What you are asked to do ->
Only one stretch of the material below is wanted: everything from the line containing "Медведь обнимает девушку" down to the line containing "Oplocená plocha se", both ends included. Repeat it exactly and skip the pictures.

Data records ->
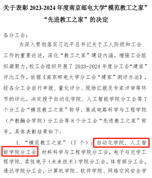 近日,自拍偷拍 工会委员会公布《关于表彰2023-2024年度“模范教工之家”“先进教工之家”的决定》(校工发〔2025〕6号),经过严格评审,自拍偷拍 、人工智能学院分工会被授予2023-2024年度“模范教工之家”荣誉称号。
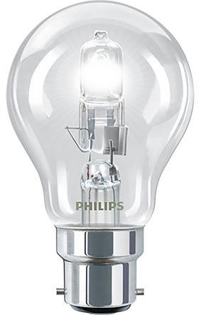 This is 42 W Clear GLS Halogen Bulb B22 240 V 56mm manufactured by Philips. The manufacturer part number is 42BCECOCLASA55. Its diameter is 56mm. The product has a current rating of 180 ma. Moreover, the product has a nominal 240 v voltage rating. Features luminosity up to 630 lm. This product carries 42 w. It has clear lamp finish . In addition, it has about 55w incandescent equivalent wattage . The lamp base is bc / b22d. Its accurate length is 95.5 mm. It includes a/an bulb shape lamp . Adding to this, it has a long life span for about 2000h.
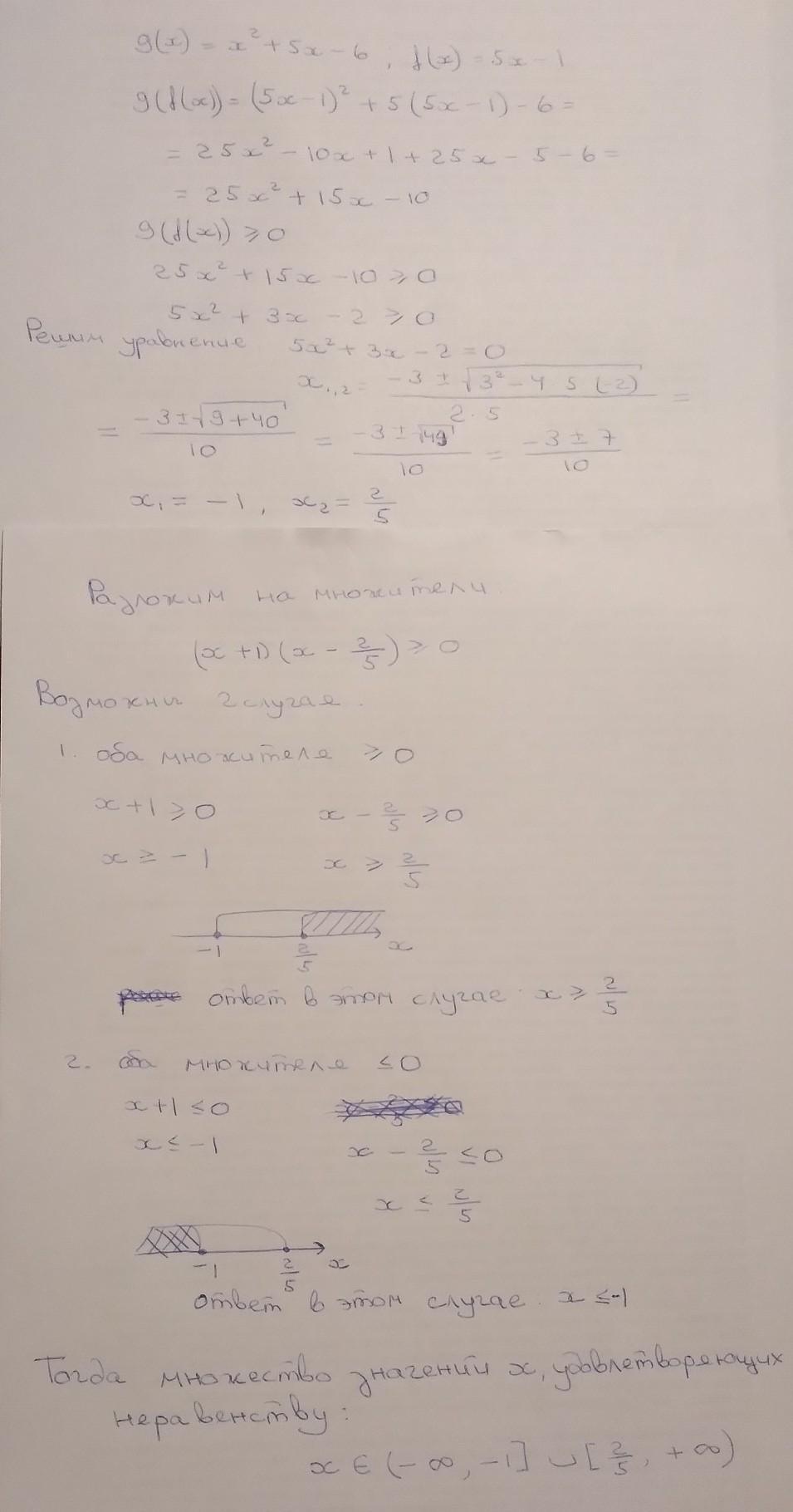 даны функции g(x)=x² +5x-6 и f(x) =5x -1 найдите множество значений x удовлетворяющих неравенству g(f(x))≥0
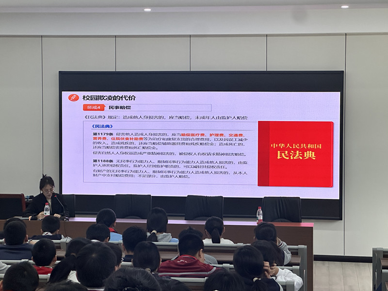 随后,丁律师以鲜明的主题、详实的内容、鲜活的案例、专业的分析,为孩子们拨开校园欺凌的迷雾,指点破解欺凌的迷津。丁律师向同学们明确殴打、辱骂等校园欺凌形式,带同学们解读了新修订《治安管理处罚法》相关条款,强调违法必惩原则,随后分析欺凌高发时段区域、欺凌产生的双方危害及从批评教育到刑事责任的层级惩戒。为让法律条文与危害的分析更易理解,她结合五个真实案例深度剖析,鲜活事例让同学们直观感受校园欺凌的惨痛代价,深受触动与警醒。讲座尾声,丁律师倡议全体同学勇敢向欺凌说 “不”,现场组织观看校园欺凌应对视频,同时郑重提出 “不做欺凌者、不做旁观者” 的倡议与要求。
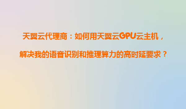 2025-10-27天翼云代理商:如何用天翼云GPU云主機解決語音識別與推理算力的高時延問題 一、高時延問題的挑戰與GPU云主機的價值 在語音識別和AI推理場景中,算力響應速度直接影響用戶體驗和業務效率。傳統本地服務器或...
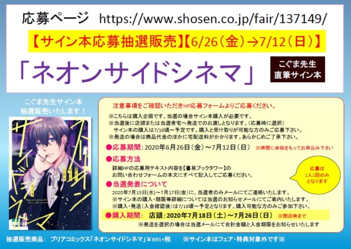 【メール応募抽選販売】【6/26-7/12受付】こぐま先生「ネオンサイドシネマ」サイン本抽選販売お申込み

--

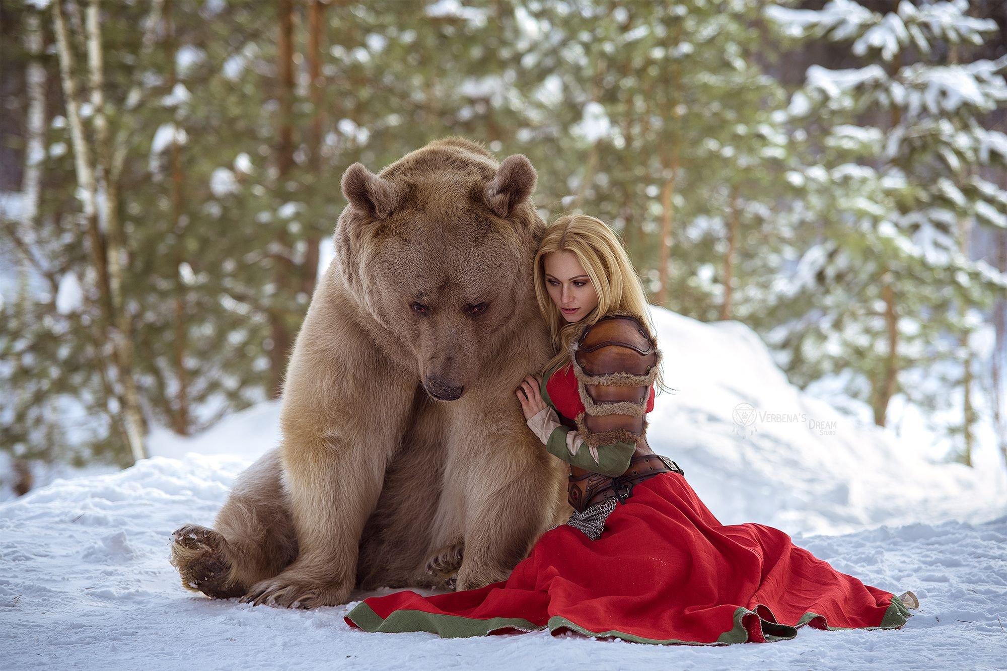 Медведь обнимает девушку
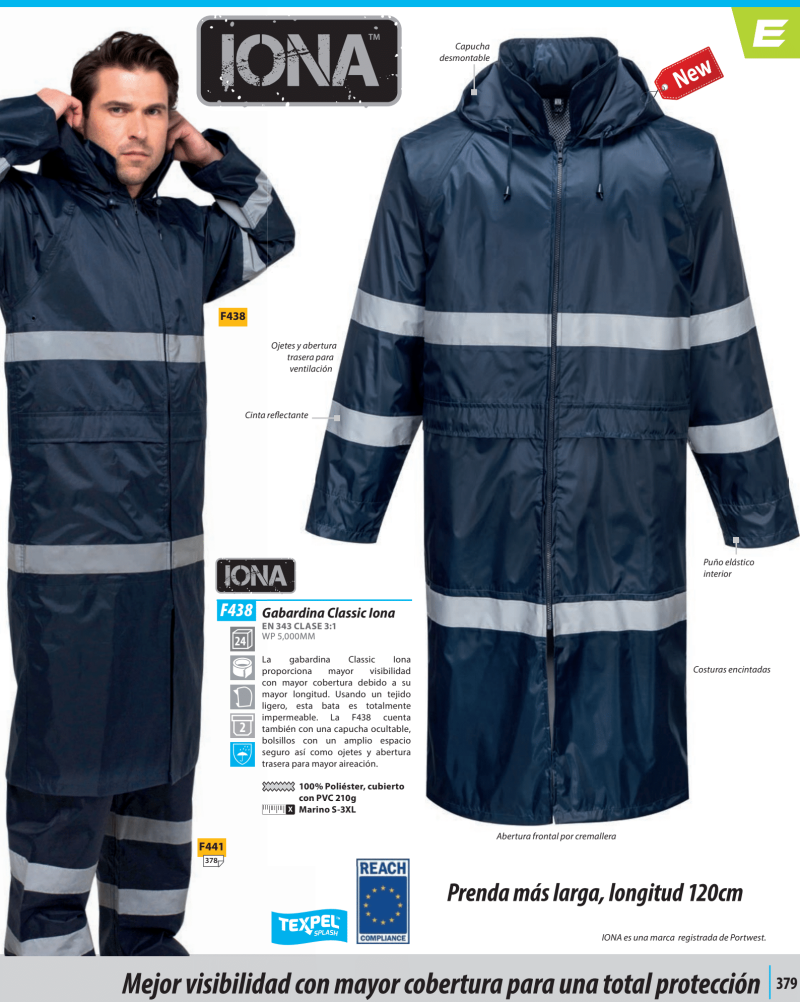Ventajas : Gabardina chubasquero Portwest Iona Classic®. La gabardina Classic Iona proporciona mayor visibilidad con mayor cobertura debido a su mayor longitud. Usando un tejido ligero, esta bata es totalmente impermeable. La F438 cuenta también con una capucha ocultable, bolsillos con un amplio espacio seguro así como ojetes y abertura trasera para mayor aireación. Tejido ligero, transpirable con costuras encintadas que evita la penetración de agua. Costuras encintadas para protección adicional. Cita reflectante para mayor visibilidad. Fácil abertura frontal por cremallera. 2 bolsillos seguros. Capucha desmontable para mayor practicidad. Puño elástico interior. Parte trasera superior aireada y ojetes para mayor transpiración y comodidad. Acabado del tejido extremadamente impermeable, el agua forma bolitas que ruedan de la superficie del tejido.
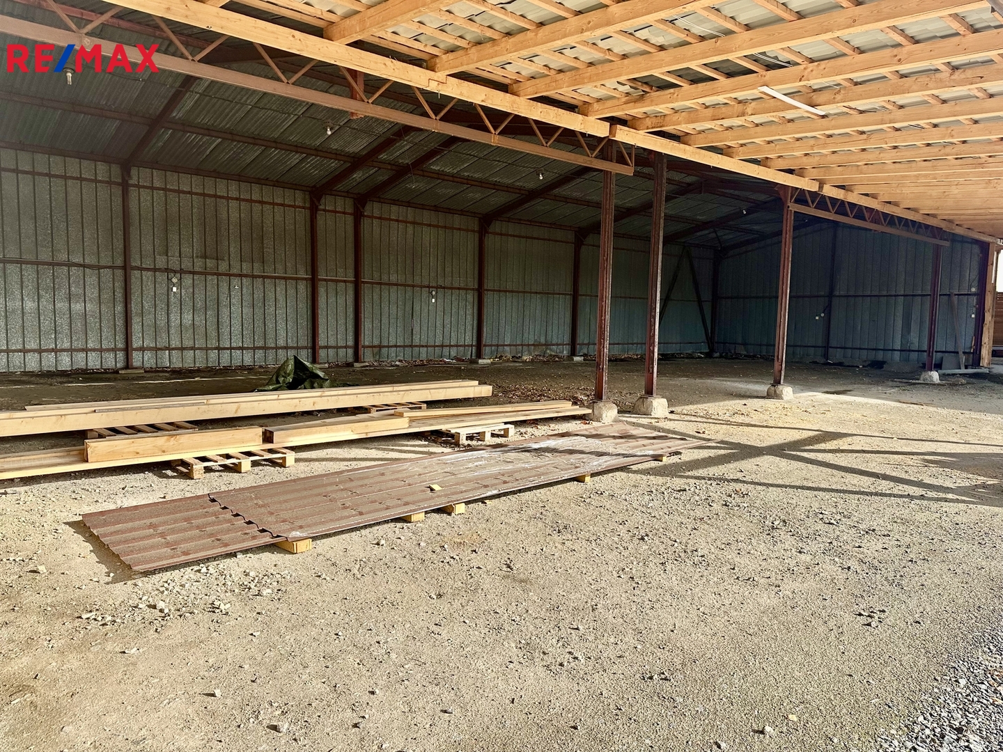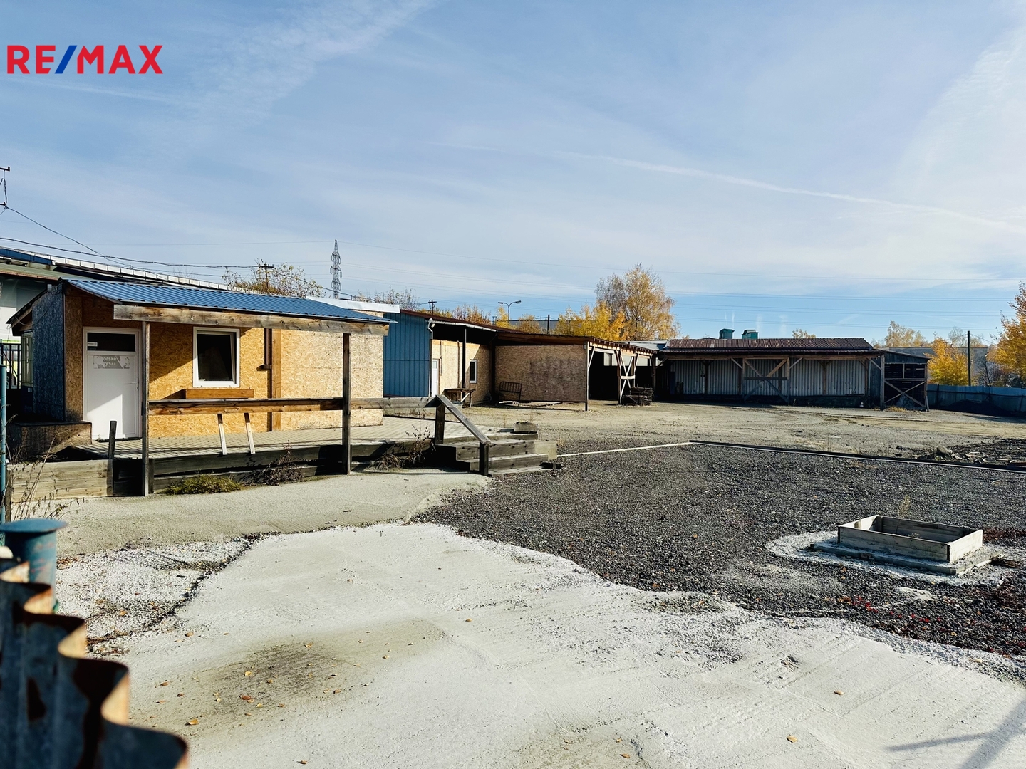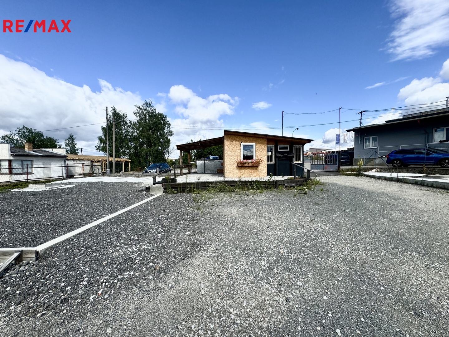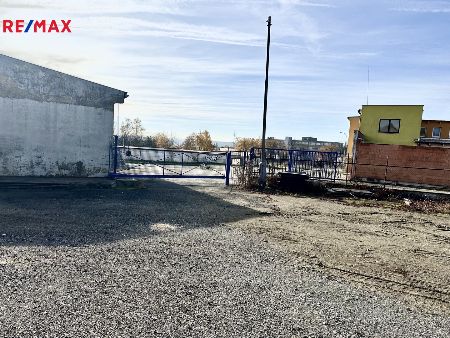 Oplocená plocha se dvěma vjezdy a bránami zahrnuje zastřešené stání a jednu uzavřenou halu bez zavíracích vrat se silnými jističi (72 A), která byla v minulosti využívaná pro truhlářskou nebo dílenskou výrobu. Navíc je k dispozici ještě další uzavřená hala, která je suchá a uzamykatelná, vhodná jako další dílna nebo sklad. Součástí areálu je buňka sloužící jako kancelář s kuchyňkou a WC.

* * *

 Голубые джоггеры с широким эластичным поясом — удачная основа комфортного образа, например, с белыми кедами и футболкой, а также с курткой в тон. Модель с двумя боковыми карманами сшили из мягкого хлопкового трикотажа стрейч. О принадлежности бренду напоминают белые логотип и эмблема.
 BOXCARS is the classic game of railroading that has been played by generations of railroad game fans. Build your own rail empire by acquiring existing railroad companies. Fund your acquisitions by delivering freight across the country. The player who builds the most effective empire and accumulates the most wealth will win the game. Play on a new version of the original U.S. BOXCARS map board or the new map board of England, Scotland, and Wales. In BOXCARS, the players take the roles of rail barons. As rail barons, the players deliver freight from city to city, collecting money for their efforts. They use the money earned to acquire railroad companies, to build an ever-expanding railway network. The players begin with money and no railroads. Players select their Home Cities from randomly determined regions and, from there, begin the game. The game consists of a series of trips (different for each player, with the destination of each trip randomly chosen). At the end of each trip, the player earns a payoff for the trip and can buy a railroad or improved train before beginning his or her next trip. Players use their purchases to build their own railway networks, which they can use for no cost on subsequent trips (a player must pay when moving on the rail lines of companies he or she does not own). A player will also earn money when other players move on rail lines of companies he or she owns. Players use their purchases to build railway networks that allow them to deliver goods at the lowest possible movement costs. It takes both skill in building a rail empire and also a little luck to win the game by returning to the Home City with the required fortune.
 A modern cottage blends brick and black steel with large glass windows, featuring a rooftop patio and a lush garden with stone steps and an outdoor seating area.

Written answer ->
 Медведь обнимает девушку
Ventajas : Gabardina chubasquero Portwest Iona Classic®. La gabardina Classic Iona proporciona mayor visibilidad con mayor cobertura debido a su mayor longitud. Usando un tejido ligero, esta bata es totalmente impermeable. La F438 cuenta también con una capucha ocultable, bolsillos con un amplio espacio seguro así como ojetes y abertura trasera para mayor aireación. Tejido ligero, transpirable con costuras encintadas que evita la penetración de agua. Costuras encintadas para protección adicional. Cita reflectante para mayor visibilidad. Fácil abertura frontal por cremallera. 2 bolsillos seguros. Capucha desmontable para mayor practicidad. Puño elástico interior. Parte trasera superior aireada y ojetes para mayor transpiración y comodidad. Acabado del tejido extremadamente impermeable, el agua forma bolitas que ruedan de la superficie del tejido.
 Oplocená plocha se dvěma vjezdy a bránami zahrnuje zastřešené stání a jednu uzavřenou halu bez zavíracích vrat se silnými jističi (72 A), která byla v minulosti využívaná pro truhlářskou nebo dílenskou výrobu. Navíc je k dispozici ještě další uzavřená hala, která je suchá a uzamykatelná, vhodná jako další dílna nebo sklad. Součástí areálu je buňka sloužící jako kancelář s kuchyňkou a WC.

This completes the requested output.